Infrastructure retains its long-term appeal for Macquarie. “The growth of emerging markets and their long-term demand for infrastructure investments means we also see significant long-term structural demand over the next 10-30 years,” says Löwenthal.
Forestry has become even easier for London & Capital’s clients to gain exposure to, via a fund offered by specialist asset manager Gresham House. “This has proved very effective for our clients from an investment and inheritance tax planning perspective,” says Iain Tait, a partner in L&C’s private investment office, noting a long-standing fiscal incentive granted by the UK government that exempts sustainable forests from inheritance tax.
But, as Tangeraas says, “many real asset markets, such as real estate, appear expensive today”, making the more niche, or esoteric, worth exploring. Looking for a conventional real asset class that benefits from growing demographic or secular trends is the approach at Cambridge Associates. That narrows the classes down to senior care homes and student housing, logistics warehousing, and agribusiness to feed urbanising populations.

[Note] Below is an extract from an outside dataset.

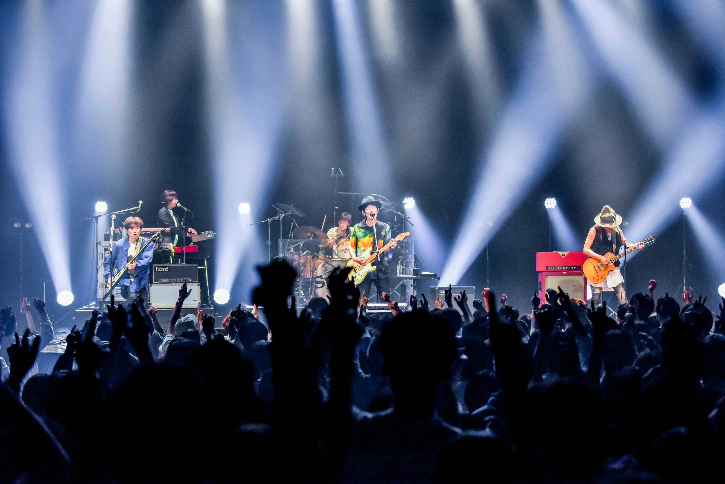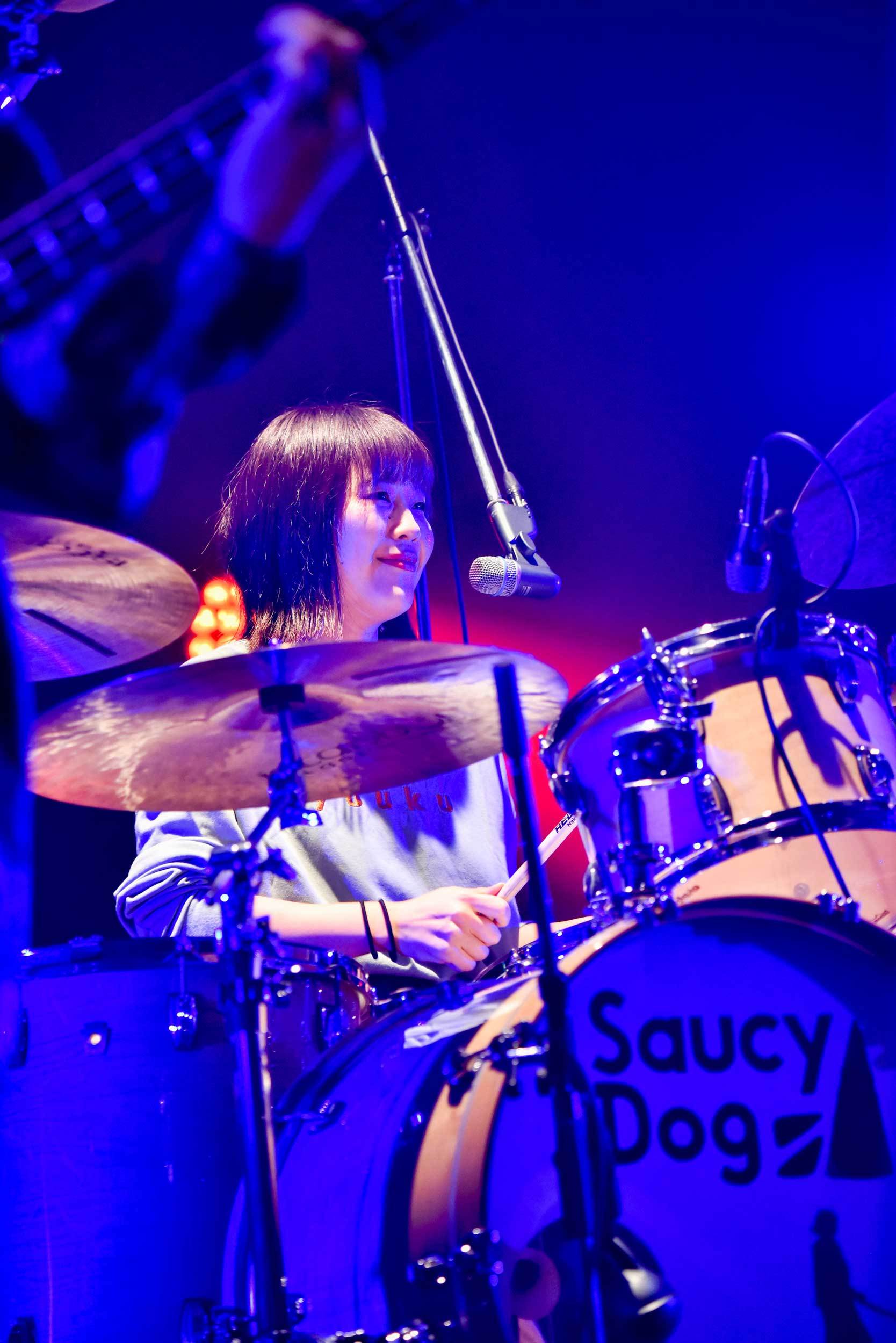 いよいよラストナンバーへ。その前に石原が語り出す。「まさかスピッツさん、奥田民生さんと、僕のライブ人生の中でライブができるとは……。そのライブをたくさんの人に目撃してもらうのは嬉しいです。できれば、「今日、Saucy Dogというバンドがいたな!」、「あの歌詞を覚えているな!」とみんなの人生の中に入りこめていたら。そうやって、みんなと生きていけたら……」。そう語ってから、勢い良いカウントから「猫の背」。「夢から醒めないように」の歌詞の部分で、観客から自然に手拍子が起きたのは、彼らの熱情が観客に伝わった事を証明するかの様で、とても素敵な光景であった。「ありがとうございました! 素敵な時間でした! 幸せでした! すごく緊張したけど……」。この石原の最後の言葉に全てが表れていた。私の隣にいた観客ふたりが「そりゃ緊張するよね!」と言いながら、大きな拍手を送っているのを観て、何故だかすごく嬉しかった。誠に誠実なトップバッター。
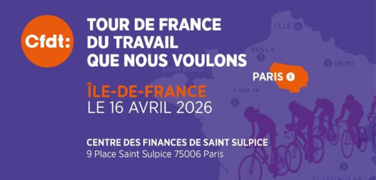 La 8e étape du Tour de France du travail CFDT se tiendra en Île-de-France le 16 avril 2026, à Paris, au Ministère du Travail (14 avenue Duquesne, Paris 7e).

Waverton’s Mee looks deeper within the conventional classes. “One subset of the property real asset class, where valuations appear particularly appealing, is the UK supermarket sector,” he suggests.
Aviva’s Versey and Macquarie’s Löwenthal take the agribusiness specialism even further. “Land-based fish production,” says Versey, citing the chance to invest in production facilities using water recirculation technology to produce Atlantic salmon in a sustainable manner. “Chicken!” says Löwenthal, noting that the retail price of chicken tends to rise with inflation, or by more since swine fever has hit parts of China.
Many of these more specialist assets classes may be accessed by private investors via funds, or through private equity groups that allow wealth managers, family offices and institutions to participate with a minimum $10m investment.
But Jim Totty, Earth Capital’s UK managing partner, is one of many looking to change the light bulb altogether. “There is an existential crisis approaching for many of the sectors traditionally relied on to provide yields, such as oil and gas and automobiles. Combustion engine vehicles will come under pressure as electric and hydrogen-fuelled engines undercut them on capex, fuel costs and emissions.
“In contrast, sustainable infrastructure will weather this storm and offer stable yields. Energy efficiency and energy storage are now also establishing themselves as a proven asset class, with investments in efficient lighting for car parks, battery storage, and combined heat and power projects, all now being financed in a listed equity ‘yieldco’ structure.”
Such structures will appeal even as the physical structures evolve, hints Tangeraas. “Today, we hear about hotels in outer space.”